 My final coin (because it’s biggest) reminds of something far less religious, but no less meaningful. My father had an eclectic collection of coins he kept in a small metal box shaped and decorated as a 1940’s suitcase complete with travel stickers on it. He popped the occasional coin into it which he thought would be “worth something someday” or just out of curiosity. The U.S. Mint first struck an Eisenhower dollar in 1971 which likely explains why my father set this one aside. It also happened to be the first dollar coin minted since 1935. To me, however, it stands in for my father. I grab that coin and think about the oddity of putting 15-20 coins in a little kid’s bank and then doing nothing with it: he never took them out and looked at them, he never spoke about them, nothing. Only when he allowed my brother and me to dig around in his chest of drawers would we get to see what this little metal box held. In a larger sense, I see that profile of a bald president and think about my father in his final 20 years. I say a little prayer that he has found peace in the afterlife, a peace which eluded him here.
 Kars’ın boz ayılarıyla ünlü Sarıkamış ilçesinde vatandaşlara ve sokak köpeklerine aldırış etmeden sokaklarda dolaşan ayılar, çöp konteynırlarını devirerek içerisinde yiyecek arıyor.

...

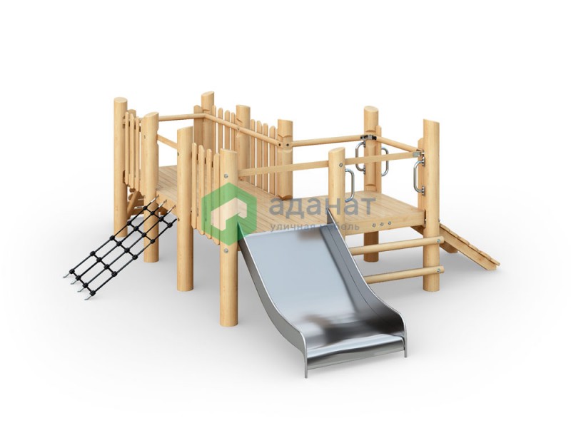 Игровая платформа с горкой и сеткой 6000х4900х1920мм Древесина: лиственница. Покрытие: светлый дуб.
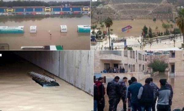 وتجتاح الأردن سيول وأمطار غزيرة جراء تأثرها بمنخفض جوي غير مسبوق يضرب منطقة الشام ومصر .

==

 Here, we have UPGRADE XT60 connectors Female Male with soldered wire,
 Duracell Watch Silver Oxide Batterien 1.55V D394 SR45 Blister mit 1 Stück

> _The problem_: Print exactly the lines above that run from the one with "Игровая платформа с" to the one with "وتجتاح الأردن سيول", both included. No pictures.

> _Solution to the exercise_:
 Игровая платформа с горкой и сеткой 6000х4900х1920мм Древесина: лиственница. Покрытие: светлый дуб.
 وتجتاح الأردن سيول وأمطار غزيرة جراء تأثرها بمنخفض جوي غير مسبوق يضرب منطقة الشام ومصر .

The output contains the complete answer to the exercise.